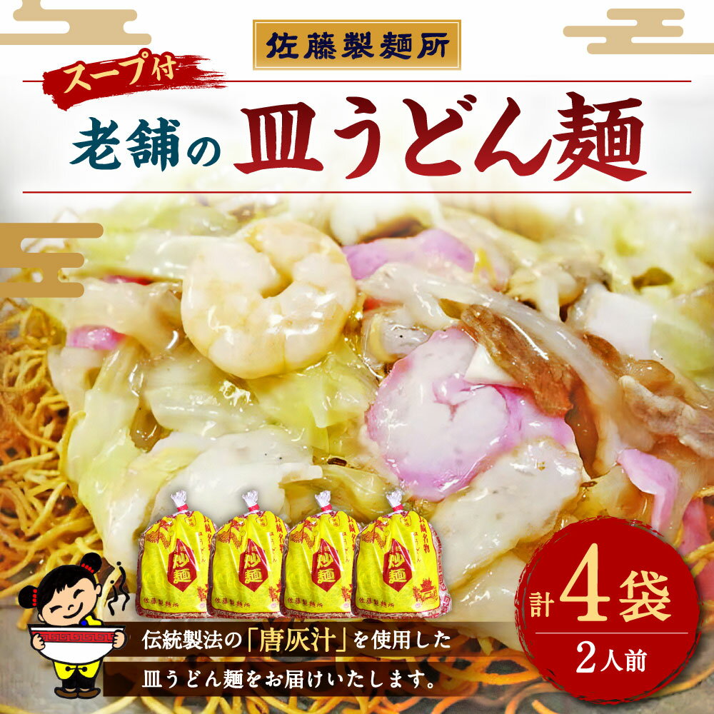 【ふるさと納税】老舗の 「長崎皿うどん麺 (2人前×4袋)」 伝統製法の 「唐灰汁」を使用 (スープ付8袋) レシピ付き 皿うどん 麺 めん 麺類 スープ 小分け 長崎名物 本場の味 簡単調理 伝統 本場 九州 長崎県 長崎市 常温 送料無料
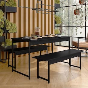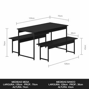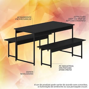 Conjunto de Mesa com 2 Bancos Lugano, inspirado no design industrial, traz funcionalidade e estilo. A estrutura em preto fosco cria um visual contemporâneo e minimalista, enquanto os bancos proporcionam e praticidade para o dia.
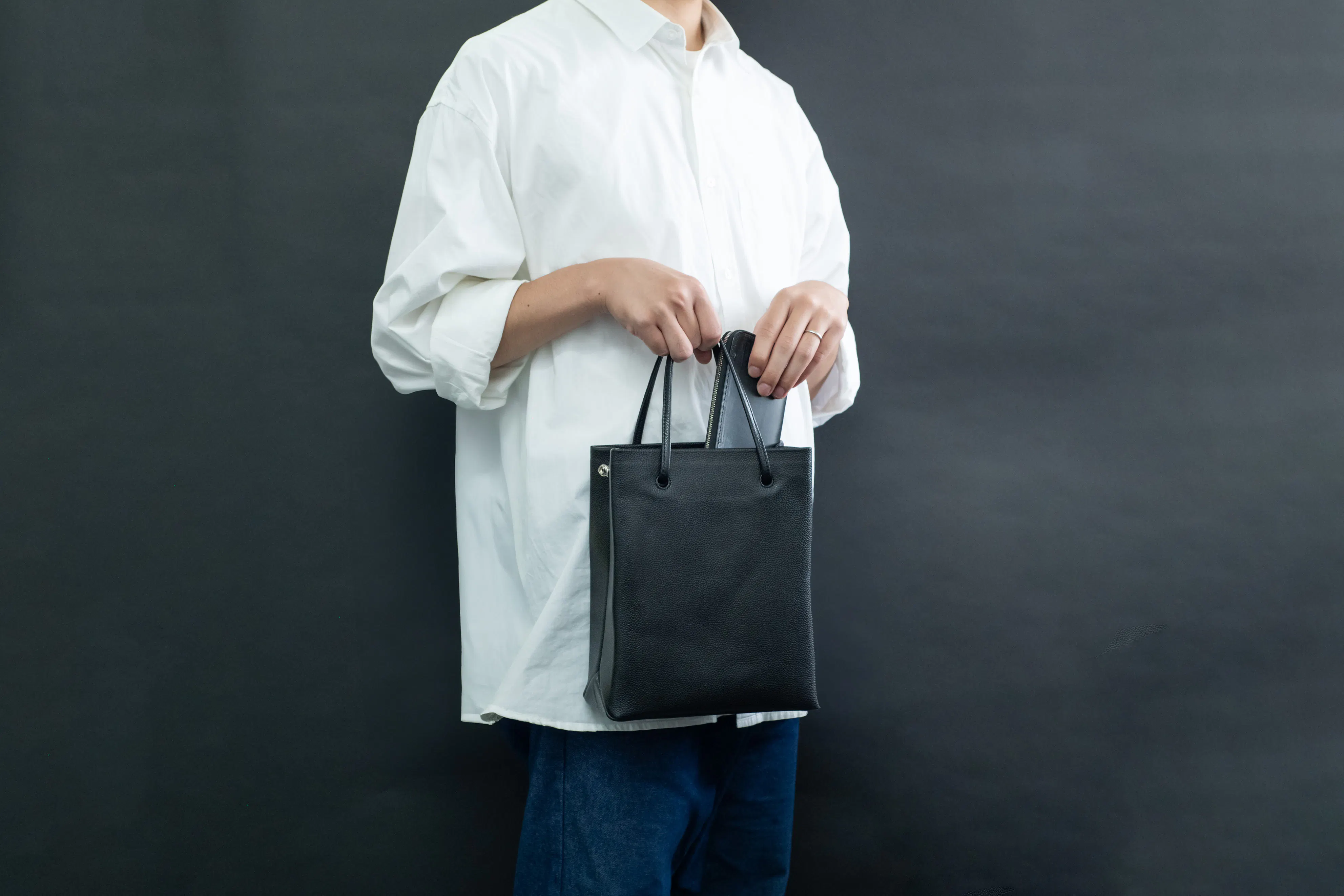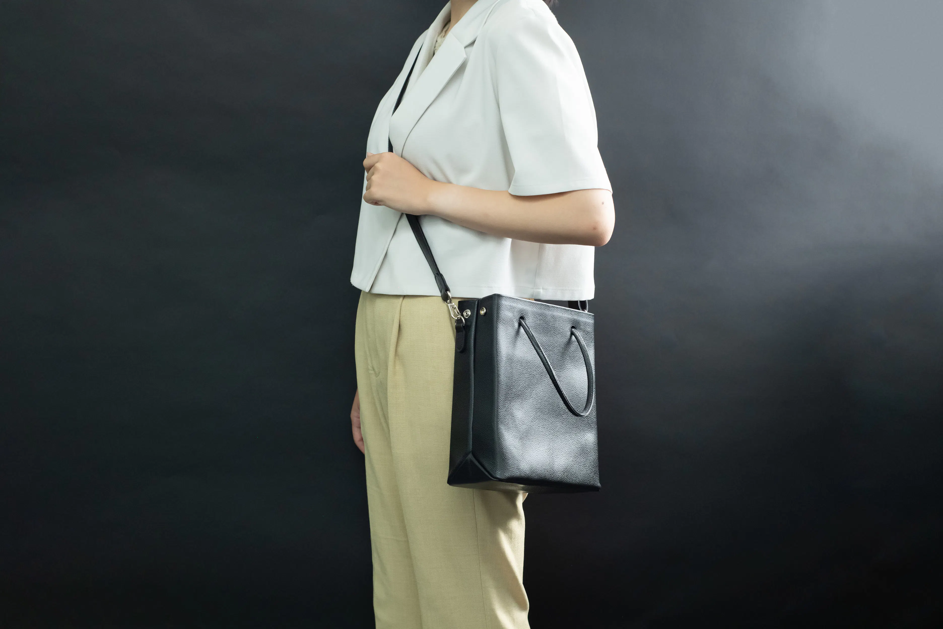 「たたずまい」にもこだわりました。地面にバッグを置いた時に、自立してかっこいいたたずまいになるように設計しました。

::::::::::

### [Work instructions]
No pictures should appear in the copy, which holds exactly the lines from the first line of the data through the line with "Conjunto de Mesa" and nothing else.

### [Written response]
 【ふるさと納税】老舗の 「長崎皿うどん麺 (2人前×4袋)」 伝統製法の 「唐灰汁」を使用 (スープ付8袋) レシピ付き 皿うどん 麺 めん 麺類 スープ 小分け 長崎名物 本場の味 簡単調理 伝統 本場 九州 長崎県 長崎市 常温 送料無料
 Conjunto de Mesa com 2 Bancos Lugano, inspirado no design industrial, traz funcionalidade e estilo. A estrutura em preto fosco cria um visual contemporâneo e minimalista, enquanto os bancos proporcionam e praticidade para o dia.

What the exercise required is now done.